Gibbs sat drinking bad coffee and wondering if he had time to wander away from the hospital cafeteria to find something that didn't taste like ground, roasted plastic. He stayed put, though, working on his second cup, because he didn't like the thought of Tony coming to find him and not being able to.
The last thing DiNozzo needed was to be abandoned. Again.
"This seat taken?"
Gibbs looked up in surprise at Marianne's red-rimmed eyes. He shook his head slowly, wondering what had happened.
She sat heavily, rubbing a hand over her face. "I messed that up," she confessed.
"Bad?" Gibbs asked, wanting to get up and go find Tony, make sure he was okay. He doubted he was, considering the pain on Marianne's face.
She nodded, staring down at her hands. "Really bad."
Gibbs just waited, unwilling to offer comfort to this stranger even though he had glimpsed hints of her strength upstairs. He figured his reserves needed to be conserved for Tony—he was certainly going to need them.

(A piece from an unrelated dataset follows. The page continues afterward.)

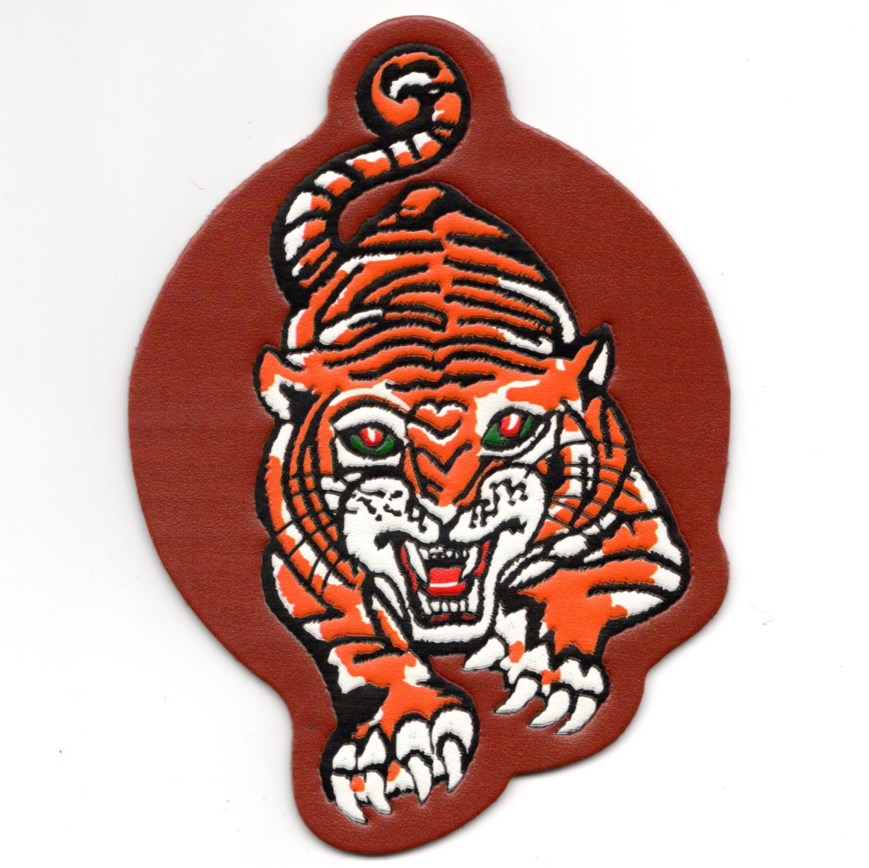 This is the 5-inch version of the mascot patch for the VA-65 ‘Tigers’. They were decommissioned in the early ’90s. They have SO much history, it would be difficult to put in this small section…..very storied Attack Squadron! Was asked to remake this version identical to the Vietnam-era version of their patch which was partially embroidered (twill background), yellow twill background, and orange border. This is a reproduction patch from that era and does NOT come with velcro already attached.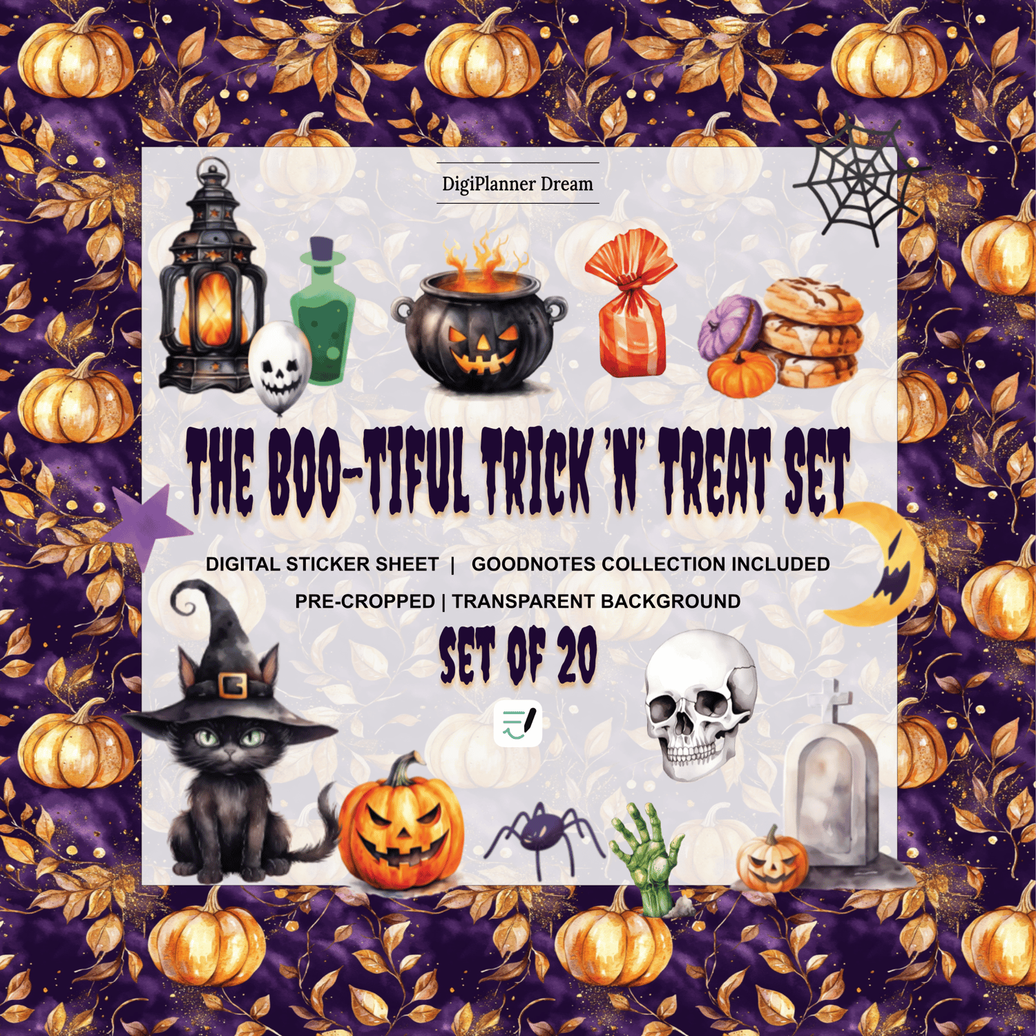 šš» Halloween Digital Sticker Set ā Boo-tiful Trick ānā Treat | GoodNotes Sticker Sheet + Collection File | 20 Pre-Cropped PNGs

"Ever since he called to say he was coming, I told myself to watch what I said. I knew the last thing I should do is defend the man," she said, sighing. "I think he knew he was dying. He confessed an awful lot of misdeeds to me, shared all kinds of horrible memories. His guilt was like a living, breathing thing between us, and I would have left if I didn't know how important it was for him to get it out. But I just loved him too much to leave him."
"I'm glad at least one of them got it out," Gibbs couldn't help saying, feeling his anger rising again.
She flinched. "I know," she said simply. "And that's why I told myself not to defend him. And that I should just keep my mouth shut on the whole subject. I knew anything I said would be meaningless and empty coming from me. But now that he can't say it, I felt like someone should. I just want Anthony to know that his father did love him."
Gibbs didn't speak—not out of cruelty, because the woman obviously had wanted to do the right thing and that counted a lot for Gibbs, but because he wasn't sure what to say. He had no idea what Tony's thoughts were on that painful subject.
"How do I fix it?" she asked.
Gibbs raised an eyebrow. "You think I have an answer for that?"
She sighed. "I just… You're obviously close, and I…"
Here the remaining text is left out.